Stored items:

════

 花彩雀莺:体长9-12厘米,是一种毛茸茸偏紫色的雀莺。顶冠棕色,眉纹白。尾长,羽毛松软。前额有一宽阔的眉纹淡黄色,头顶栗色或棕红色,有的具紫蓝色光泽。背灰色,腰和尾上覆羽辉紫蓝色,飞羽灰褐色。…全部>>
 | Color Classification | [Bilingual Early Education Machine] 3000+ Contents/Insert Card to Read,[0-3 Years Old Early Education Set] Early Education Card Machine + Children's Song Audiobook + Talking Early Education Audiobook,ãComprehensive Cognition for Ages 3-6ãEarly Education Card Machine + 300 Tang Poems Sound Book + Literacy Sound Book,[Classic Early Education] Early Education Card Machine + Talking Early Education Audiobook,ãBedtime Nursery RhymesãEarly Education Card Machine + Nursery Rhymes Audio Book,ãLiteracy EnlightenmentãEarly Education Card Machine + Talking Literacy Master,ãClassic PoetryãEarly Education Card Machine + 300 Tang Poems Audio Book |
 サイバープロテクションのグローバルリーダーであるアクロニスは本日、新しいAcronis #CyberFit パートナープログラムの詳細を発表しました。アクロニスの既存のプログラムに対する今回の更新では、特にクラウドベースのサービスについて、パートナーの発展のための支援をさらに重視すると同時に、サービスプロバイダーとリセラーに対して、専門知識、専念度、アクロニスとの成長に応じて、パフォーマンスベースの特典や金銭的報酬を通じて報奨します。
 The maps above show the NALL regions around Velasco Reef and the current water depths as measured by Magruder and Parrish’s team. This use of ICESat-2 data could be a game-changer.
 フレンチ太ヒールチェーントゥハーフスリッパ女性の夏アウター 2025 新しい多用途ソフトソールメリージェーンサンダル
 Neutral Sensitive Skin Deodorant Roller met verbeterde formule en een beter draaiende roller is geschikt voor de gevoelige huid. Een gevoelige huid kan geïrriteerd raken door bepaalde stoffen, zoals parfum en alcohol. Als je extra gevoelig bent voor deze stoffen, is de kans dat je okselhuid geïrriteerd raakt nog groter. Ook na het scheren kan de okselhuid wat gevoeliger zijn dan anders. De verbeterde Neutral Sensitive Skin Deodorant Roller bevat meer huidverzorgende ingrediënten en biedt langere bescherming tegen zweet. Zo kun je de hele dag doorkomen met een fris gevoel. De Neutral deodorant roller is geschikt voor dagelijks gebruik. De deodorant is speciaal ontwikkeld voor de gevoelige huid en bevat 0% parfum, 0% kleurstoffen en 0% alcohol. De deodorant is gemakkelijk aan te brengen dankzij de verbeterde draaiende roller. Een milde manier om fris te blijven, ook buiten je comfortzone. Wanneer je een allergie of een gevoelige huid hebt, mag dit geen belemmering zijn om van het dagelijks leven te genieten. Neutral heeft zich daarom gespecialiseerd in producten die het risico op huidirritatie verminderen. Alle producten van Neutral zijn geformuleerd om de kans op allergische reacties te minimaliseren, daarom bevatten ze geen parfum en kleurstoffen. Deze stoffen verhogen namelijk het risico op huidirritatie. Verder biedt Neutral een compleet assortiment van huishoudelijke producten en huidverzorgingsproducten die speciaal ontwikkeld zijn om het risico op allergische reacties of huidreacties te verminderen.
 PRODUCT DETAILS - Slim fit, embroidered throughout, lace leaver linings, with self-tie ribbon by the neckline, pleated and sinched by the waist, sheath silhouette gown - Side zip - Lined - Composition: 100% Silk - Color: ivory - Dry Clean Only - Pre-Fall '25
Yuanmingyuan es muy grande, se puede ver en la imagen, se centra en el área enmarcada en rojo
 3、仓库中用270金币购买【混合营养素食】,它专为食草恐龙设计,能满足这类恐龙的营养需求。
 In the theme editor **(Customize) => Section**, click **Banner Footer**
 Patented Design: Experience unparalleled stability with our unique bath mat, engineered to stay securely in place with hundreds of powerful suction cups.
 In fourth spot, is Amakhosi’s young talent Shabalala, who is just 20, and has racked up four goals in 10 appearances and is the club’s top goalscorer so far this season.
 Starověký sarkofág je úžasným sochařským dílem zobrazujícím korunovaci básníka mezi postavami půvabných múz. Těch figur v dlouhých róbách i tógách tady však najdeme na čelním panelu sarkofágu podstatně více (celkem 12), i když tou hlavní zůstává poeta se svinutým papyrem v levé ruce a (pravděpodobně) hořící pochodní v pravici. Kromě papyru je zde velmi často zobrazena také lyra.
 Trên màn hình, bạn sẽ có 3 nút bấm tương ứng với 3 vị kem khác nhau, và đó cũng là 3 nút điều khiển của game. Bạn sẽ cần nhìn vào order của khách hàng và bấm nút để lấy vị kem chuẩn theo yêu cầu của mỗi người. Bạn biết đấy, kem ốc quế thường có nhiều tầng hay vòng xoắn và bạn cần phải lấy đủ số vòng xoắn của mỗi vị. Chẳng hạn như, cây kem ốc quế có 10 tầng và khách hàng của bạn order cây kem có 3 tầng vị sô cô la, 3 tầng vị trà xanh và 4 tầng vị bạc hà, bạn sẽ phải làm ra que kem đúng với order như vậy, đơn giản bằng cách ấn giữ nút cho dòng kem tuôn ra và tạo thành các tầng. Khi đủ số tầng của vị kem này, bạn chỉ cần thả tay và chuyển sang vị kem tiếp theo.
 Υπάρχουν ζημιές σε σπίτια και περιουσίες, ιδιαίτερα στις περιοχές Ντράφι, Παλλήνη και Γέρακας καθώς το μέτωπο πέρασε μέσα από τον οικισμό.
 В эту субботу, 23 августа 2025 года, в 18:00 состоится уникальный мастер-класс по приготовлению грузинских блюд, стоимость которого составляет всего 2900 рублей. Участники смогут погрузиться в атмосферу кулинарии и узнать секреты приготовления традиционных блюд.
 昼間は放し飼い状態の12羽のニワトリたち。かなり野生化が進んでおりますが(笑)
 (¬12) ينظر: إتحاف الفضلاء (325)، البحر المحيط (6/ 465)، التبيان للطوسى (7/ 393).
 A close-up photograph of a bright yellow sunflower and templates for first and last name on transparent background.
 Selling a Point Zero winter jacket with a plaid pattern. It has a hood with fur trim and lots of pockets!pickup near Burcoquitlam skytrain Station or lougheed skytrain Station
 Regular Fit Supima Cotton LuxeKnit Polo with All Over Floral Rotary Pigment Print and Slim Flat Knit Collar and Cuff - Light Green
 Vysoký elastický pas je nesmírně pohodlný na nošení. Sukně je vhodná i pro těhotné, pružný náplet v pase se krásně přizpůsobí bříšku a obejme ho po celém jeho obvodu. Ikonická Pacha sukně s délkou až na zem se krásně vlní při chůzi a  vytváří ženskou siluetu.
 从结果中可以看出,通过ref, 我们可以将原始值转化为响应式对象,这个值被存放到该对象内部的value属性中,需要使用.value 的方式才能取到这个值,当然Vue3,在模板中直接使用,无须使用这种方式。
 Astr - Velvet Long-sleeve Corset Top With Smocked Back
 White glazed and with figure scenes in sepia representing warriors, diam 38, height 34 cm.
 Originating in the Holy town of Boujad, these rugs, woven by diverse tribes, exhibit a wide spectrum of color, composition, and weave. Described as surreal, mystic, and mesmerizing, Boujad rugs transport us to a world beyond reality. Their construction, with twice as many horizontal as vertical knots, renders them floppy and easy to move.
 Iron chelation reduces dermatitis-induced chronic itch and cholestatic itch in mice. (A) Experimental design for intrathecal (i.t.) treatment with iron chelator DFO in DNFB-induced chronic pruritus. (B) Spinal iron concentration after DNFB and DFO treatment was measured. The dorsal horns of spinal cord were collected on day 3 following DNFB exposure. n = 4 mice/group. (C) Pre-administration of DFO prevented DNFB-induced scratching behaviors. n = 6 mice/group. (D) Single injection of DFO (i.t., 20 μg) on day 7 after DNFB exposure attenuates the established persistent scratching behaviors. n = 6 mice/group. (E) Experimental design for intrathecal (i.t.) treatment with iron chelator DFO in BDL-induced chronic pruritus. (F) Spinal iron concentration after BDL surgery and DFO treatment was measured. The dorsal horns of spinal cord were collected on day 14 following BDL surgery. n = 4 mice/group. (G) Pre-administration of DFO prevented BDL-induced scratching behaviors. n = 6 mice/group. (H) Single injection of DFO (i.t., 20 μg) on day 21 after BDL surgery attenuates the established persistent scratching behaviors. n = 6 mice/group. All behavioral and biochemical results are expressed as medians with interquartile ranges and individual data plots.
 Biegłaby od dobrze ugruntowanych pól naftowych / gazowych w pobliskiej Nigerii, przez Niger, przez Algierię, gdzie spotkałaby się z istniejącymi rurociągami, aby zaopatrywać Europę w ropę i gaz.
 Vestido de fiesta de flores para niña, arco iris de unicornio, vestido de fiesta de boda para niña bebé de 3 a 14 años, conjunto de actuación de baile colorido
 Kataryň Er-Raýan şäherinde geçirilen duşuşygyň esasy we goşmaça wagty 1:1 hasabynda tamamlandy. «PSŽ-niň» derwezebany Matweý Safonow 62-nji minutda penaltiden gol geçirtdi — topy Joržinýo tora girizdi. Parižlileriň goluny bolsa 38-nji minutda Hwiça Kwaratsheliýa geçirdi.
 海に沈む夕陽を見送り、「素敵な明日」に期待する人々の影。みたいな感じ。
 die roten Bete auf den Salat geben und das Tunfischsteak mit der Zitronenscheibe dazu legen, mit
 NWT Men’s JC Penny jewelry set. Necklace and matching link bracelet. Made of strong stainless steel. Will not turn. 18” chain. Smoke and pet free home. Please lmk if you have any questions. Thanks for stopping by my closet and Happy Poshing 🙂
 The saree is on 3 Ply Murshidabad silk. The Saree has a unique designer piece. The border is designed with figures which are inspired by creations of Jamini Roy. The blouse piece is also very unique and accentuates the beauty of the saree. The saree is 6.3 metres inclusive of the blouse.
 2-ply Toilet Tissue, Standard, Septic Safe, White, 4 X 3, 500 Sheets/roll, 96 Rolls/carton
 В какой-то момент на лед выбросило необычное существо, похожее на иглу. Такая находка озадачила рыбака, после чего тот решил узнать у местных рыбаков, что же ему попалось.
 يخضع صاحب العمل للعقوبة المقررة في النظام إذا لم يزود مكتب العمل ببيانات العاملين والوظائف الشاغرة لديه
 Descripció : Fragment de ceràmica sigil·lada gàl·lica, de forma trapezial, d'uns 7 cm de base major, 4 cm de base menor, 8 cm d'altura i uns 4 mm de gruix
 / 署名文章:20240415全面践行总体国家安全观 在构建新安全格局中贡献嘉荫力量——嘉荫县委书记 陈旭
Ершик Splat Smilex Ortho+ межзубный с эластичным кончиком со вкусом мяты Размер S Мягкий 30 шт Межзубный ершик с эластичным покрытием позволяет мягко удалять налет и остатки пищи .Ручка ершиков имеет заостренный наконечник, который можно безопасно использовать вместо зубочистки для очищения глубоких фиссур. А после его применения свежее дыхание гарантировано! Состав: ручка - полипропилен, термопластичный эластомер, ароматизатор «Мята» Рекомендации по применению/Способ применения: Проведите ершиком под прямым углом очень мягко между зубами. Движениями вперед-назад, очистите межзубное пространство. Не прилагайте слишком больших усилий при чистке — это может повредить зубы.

════

**Your instructions:** A complete answer gives every line of the data that includes "Slim".

**Reply to the task:**
 PRODUCT DETAILS - Slim fit, embroidered throughout, lace leaver linings, with self-tie ribbon by the neckline, pleated and sinched by the waist, sheath silhouette gown - Side zip - Lined - Composition: 100% Silk - Color: ivory - Dry Clean Only - Pre-Fall '25
 Regular Fit Supima Cotton LuxeKnit Polo with All Over Floral Rotary Pigment Print and Slim Flat Knit Collar and Cuff - Light Green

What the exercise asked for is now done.